* updated library dependencies (2019, 2025)
* google-cloud-dataproc>=0.3.0
* google-cloud-logging>=1.9.0
* google-cloud-storage>=1.13.1
* PyYAML>=3.10
* jobs:
* MRJobs are now Spark-serializable (without calling sandbox())
* spark() can pass job methods to rdd.map() etc. (2039)
* all runners:
* inline runner runs Spark jobs through PySpark (1965)
* local runner runs Spark jobs on local-cluster master (1361)
* cat_output() now ignores files and subdirs starting with "." too (1337)
* this includes Spark checksum files (e.g. .part-00000.crc)
* empty *_bin options mean use the default, not a no-args command (1926)
* affected gcloud_bin, hadoop_bin, sh_bin, ssh_bin
* *python_bin options already worked this way
* improved Spark support
* full support for setup scripts (was just YARN) (2048)
* fully supports uploading files to Spark working dir (1922)
* including renaming files (2017)
* uploading archives/dirs is still unsupported except on YARN
* spark.yarn.appMasterEnv.* now only set on YARN (1919)
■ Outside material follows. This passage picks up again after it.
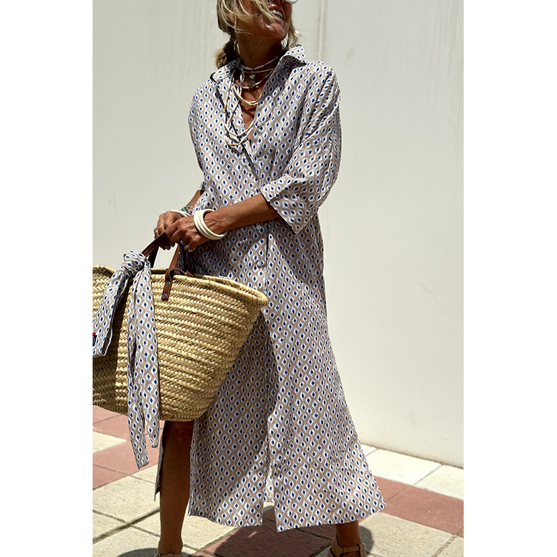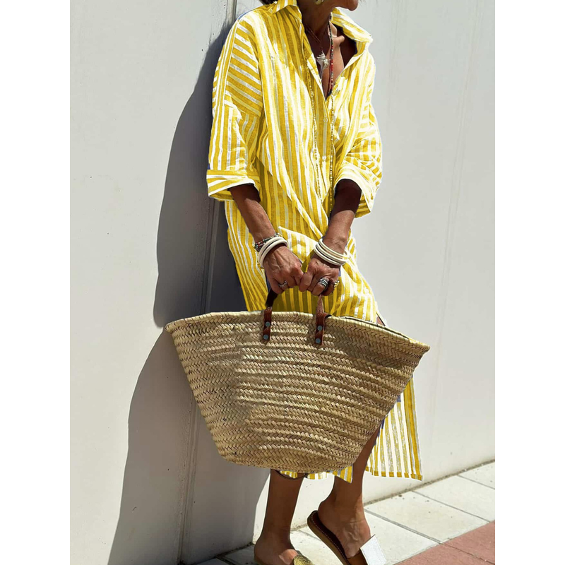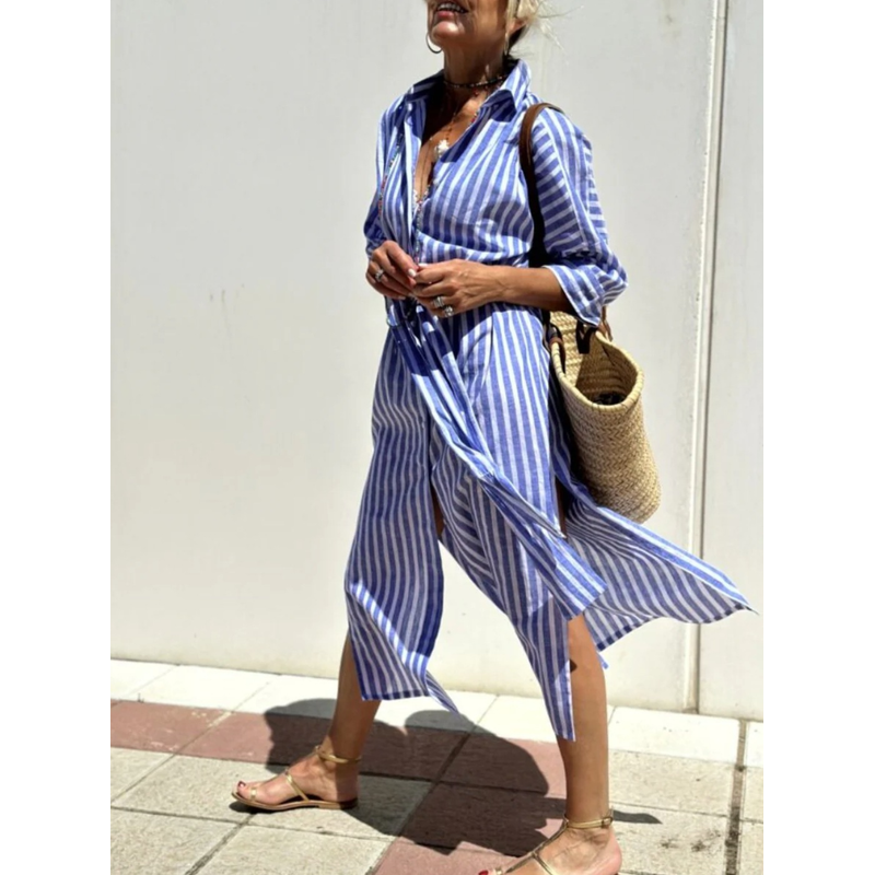 Striped Shirt Dress With Belt Fashion Half-sleeved Lapel Button Cardigan Dresses Women's Clothing Blue XS

* add_file_arg() works on Spark
* even on local[*] master (2031)
* uses file:// as appropriate when running locally (1985)
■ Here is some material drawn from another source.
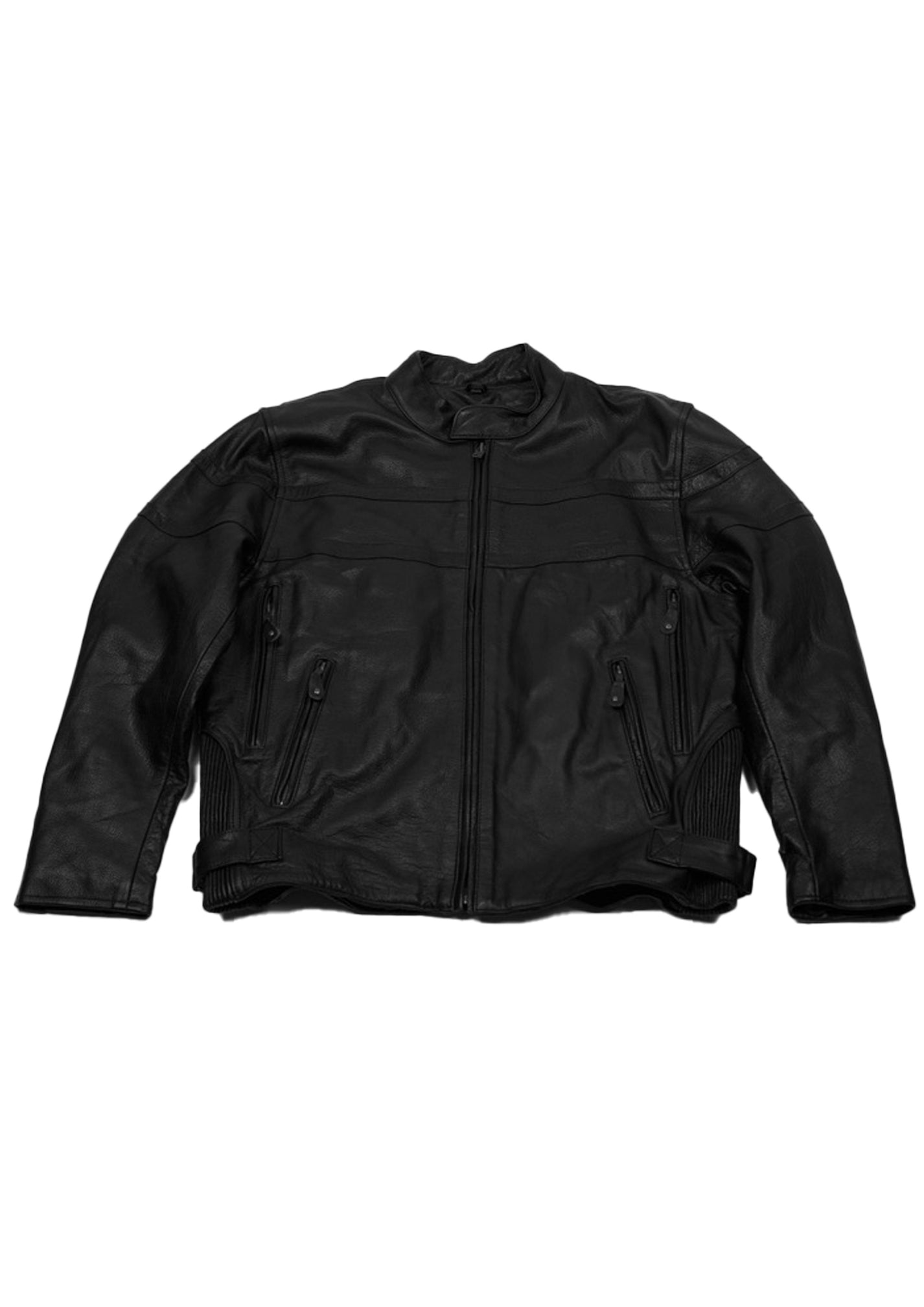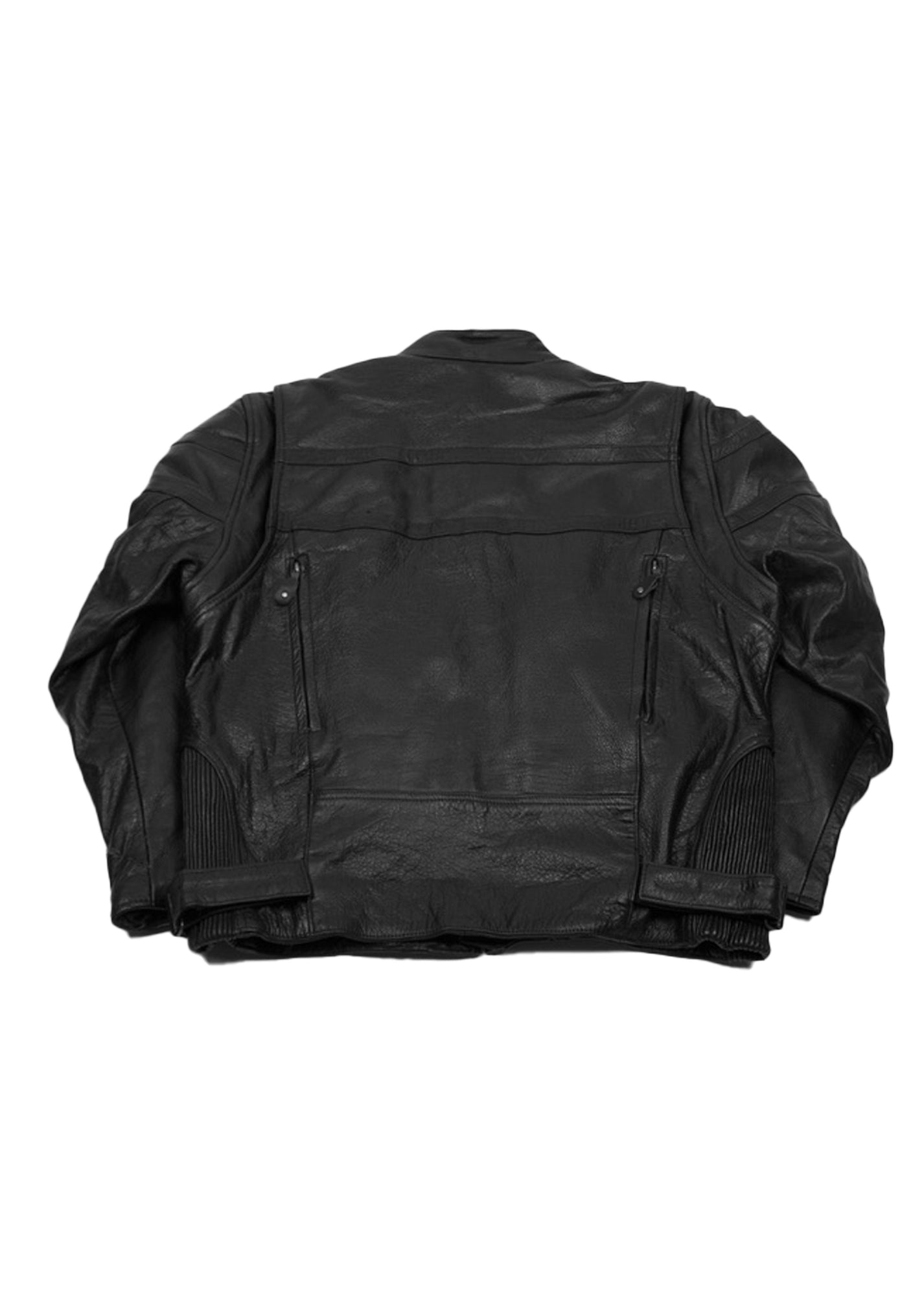 BLACK LEATHER JACKET WITH WHITE STITCHING

* won't hang if Hadoop or Spark binary can't be run (2024)
* spark master/deploy mode can't be overridden by jobconf (2032)
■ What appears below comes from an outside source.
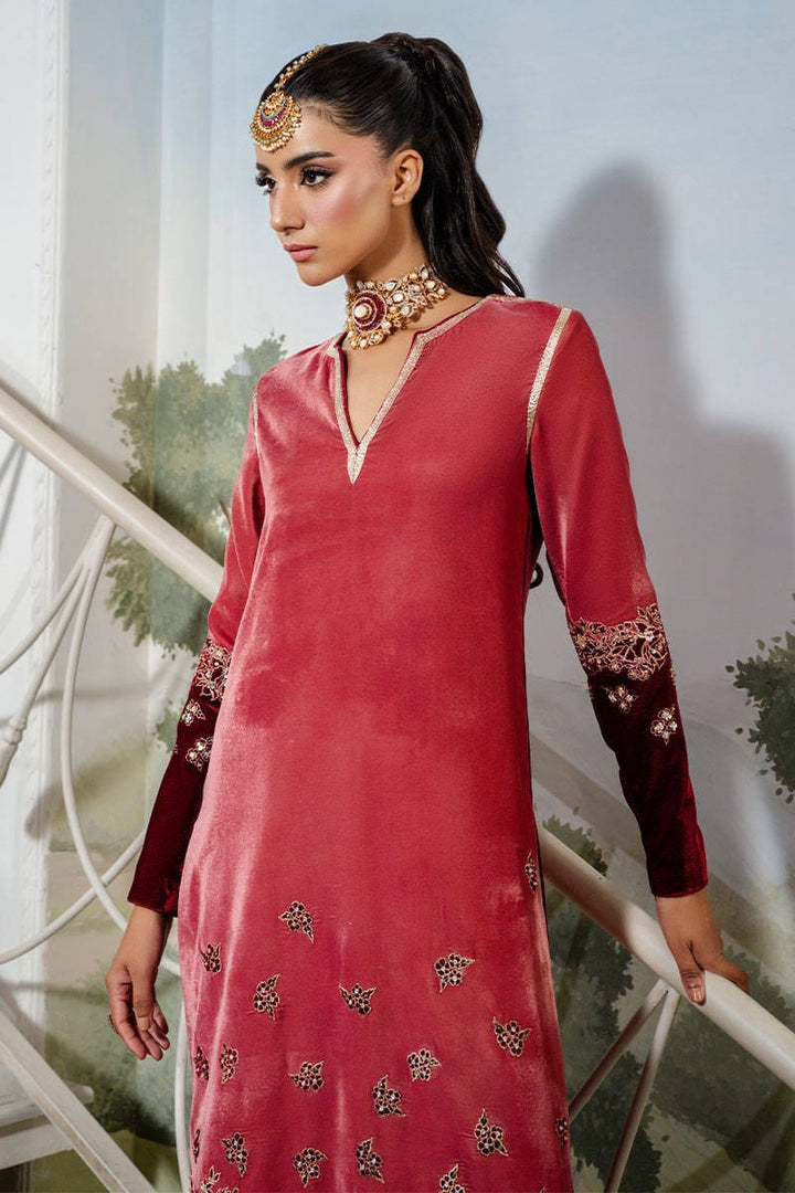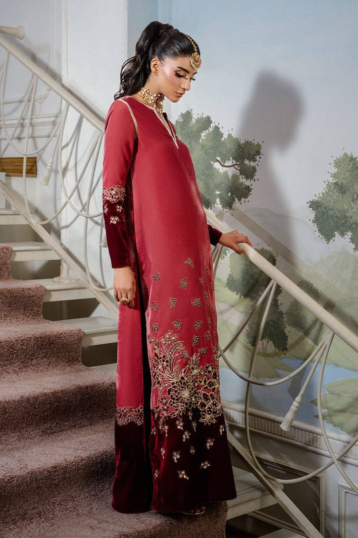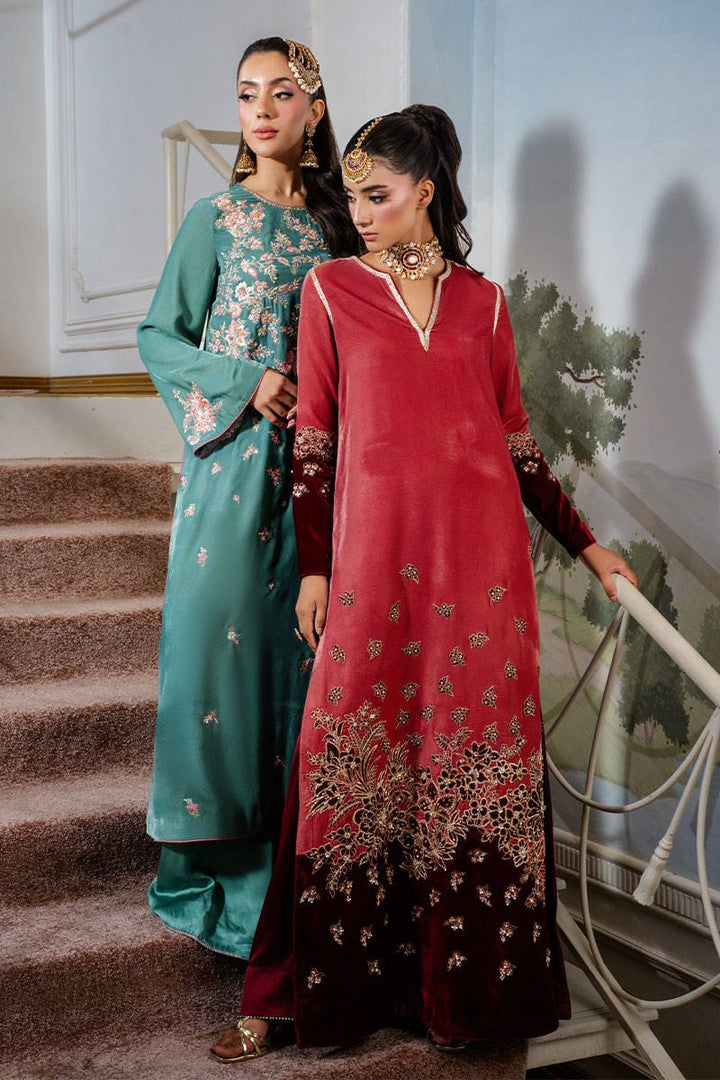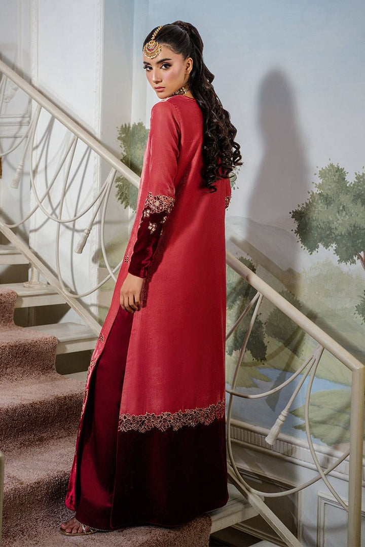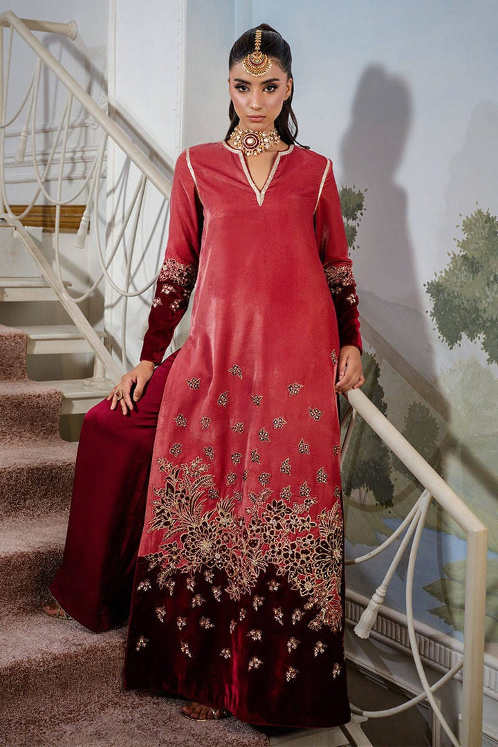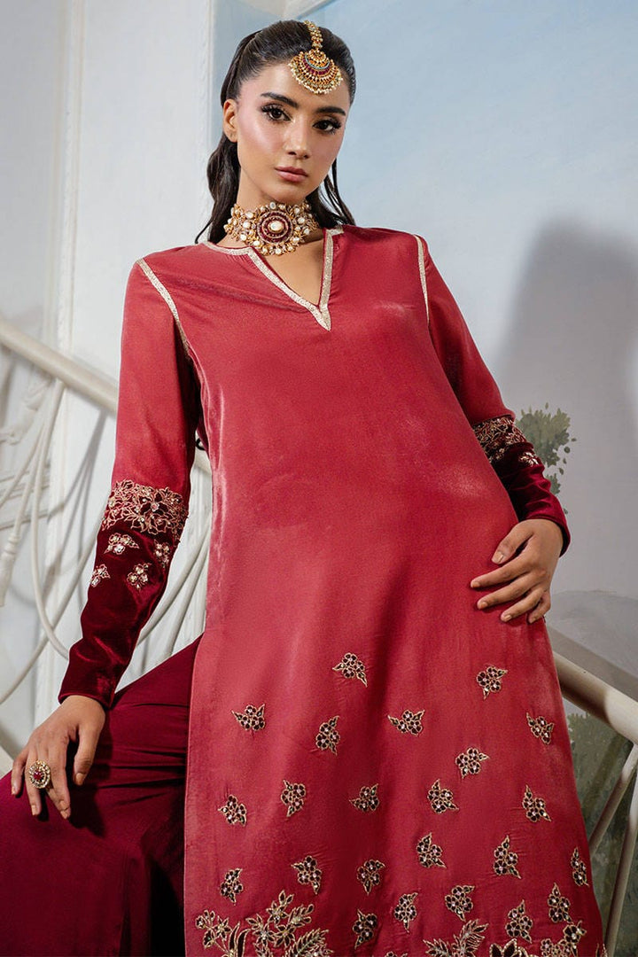 Cherry Wine is a striking dual-toned full-length shirt adorned with intricate embellishments, embroidery, and delicate gota detailing. Paired with flared pants that add a touch of contemporary charm, this ensemble perfectly balances modern elegance with traditional allure. Complete the look with a maroon dupatta for a sophisticated, festive finish.

* can search for spark-submit binary in pyspark installation (1984)
* (Dataproc runner does not yet support Spark)
* EMR runner:
* fixed fs bug that prevented running with non-default temp bucket (2015)
* less API calls when job retries joining a pooled cluster (1990)
* extra_cluster_params can set nested sub-params (1934)
* e.g. Instances.EmrManagedMasterSecurityGroup
* --subnet '' un-sets subnet set in mrjob.conf (1931)
* added Spark runner (1940)
* runs jobs entirely on Spark, uses `hadoop fs` for HDFS only
* can use any fs mrjob supports (HDFS, EMR, Dataproc, local)
* can run "classic" MRJobs normally run on Hadoop streaming (1972)
* supports mappers, combiners, reducers, including _init() and _final()
* makes efficient use of combiners, if available (1946)
* supports Hadoop input/output format set in job (1944)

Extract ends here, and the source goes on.